Perturbed development of calb2b expressing dI6 interneurons and motor neurons underlies locomotor defects observed in calretinin knock-down zebrafish larvae.

Calcium binding proteins are essential for neural development and cellular activity. Calretinin, encoded by calb2a and calb2b, plays a role during early zebrafish development and has been proposed as a marker for distinct neuronal populations within the locomotor network. We generated a calb2b:hs:eGFP transgenic reporter line to characterize calretinin expressing cells in the developing spinal cord and describe morphological and behavioral defects in calretinin knock-down larvae. eGFP was detected in primary and secondary motor neurons, as well as in dI6 and V0v interneurons. Knock-down of calretinin lead to disturbed development of motor neurons and dI6 interneurons, revealing a crucial role during early development of the locomotor network. Primary motor neurons showed delayed axon outgrowth and the distinct inhibitory CoLo neurons, originating from the dI6 lineage, were absent. These observations explain the locomotor defects we observed in calretinin knock-down animals where the velocity, acceleration and coordination were affected during escapes. Altogether, our analysis suggests an essential role for calretinin during the development of the circuits regulating escape responses and fast movements within the locomotor network.

A deep-dive into fictive locomotion - a strategy to probe cellular activity during speed transitions in fictively swimming zebrafish larvae.

Fictive locomotion is frequently used to study locomotor output in paralyzed animals. We have evaluated the character of swim episodes elicited by different strategies in zebrafish. Motor output was measured on both sides of a body segment using electrodes and a pipeline for synchronizing stimulation and recording, denoising data and peak-finding was developed. The optomotor response generated swims most equivalent to spontaneous activity, while electrical stimulation and NMDA application caused various artefacts. Our optimal settings, optomotor stimulation using 5-day-old larvae, were combined with calcium imaging and optogenetics to validate the setup's utility. Expression of GCaMP5G by the mnx1 promoter allowed correlation of calcium traces of dozens of motor neurons to the fictive locomotor output. Activation of motor neurons through channelrhodopsin produced aberrant locomotor episodes. This strategy can be used to investigate novel neuronal populations in a high-throughput manner to reveal their role in shaping motor output. This article has an associated First Person interview with the first author of the paper.

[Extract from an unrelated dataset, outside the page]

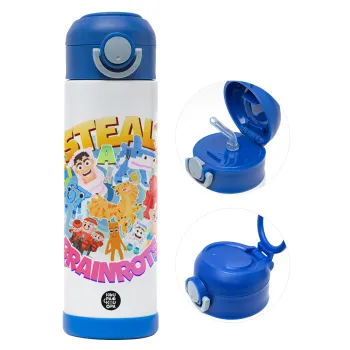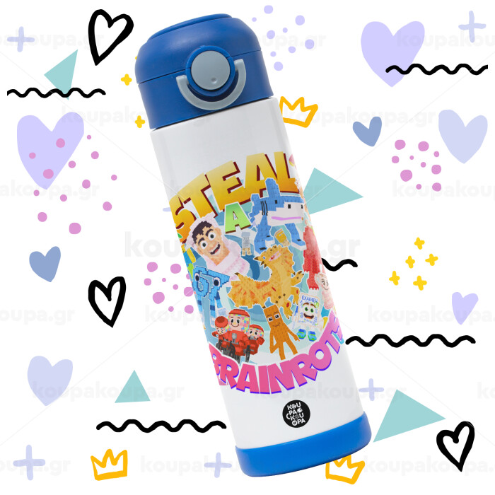 Roblox Steal a Brainrot, Παιδικό παγούρι θερμό, ανοξείδωτο, με καλαμάκι ασφαλείας, ΜΠΛΕ (500ml)

Characterization of Individual Projections Reveal That Neuromasts of the Zebrafish Lateral Line are Innervated by Multiple Inhibitory Efferent Cells.

The zebrafish lateral line is a sensory system used to detect changes in water flow. It is comprized of clusters of superficial hair cells called neuromasts. Modulation occurs via excitatory and inhibitory efferent neurons located in the brain. Using mosaic transgenic labeling we provide an anatomical overview of the lateral line projections made by individual inhibitory efferent neurons in 5-day old zebrafish larvae. For each hemisphere we estimate there to be six inhibitory efferent neurons located in two different nuclei. Three distinct cell types were classified based on their projections; to the anterior lateral line around the head, to the posterior lateral line along the body, or to both. Our analyses corroborate previous studies employing back-fills, but our transgenic labeling allowed a more thorough characterization of their morphology. We found that individual inhibitory efferent cells connect to multiple neuromasts and that a single neuromast is connected by multiple inhibitory efferent cells. The efferent axons project to the sensory ganglia and follow the sensory axon tract along the lateral line. Time-lapse imaging revealed that inhibitory efferent axons do not migrate with the primordium as the primary sensory afferent does, but follow with an 8-14 h lag. These data bring new insights into the formation of a sensory circuit and support the hypothesis that different classes of inhibitory efferent cells have different functions. Our findings provide a foundation for future studies focussed toward unraveling how and when sensory perception is modulated by different efferent cells.

Behavioral Characterization of dmrt3a Mutant Zebrafish Reveals Crucial Aspects of Vertebrate Locomotion through Phenotypes Related to Acceleration.

Vertebrate locomotion is orchestrated by spinal interneurons making up a central pattern generator. Proper coordination of activity, both within and between segments, is required to generate the desired locomotor output. This coordination is altered during acceleration to ensure the correct recruitment of muscles for the chosen speed. The transcription factor Dmrt3 has been proposed to shape the patterned output at different gaits in horses and mice. Here, we characterized dmrt3a mutant zebrafish, which showed a strong, transient, locomotor phenotype in developing larvae. During beat-and-glide swimming, mutant larvae showed fewer and shorter movements with decreased velocity and acceleration. Developmental compensation likely occurs as the analyzed behaviors did not differ from wild-type at older larval stages. However, analysis of maximum swim speed in juveniles suggests that some defects persist within the mature locomotor network of dmrt3a mutants. Our results reveal the pivotal role Dmrt3 neurons play in shaping the patterned output during acceleration in vertebrates.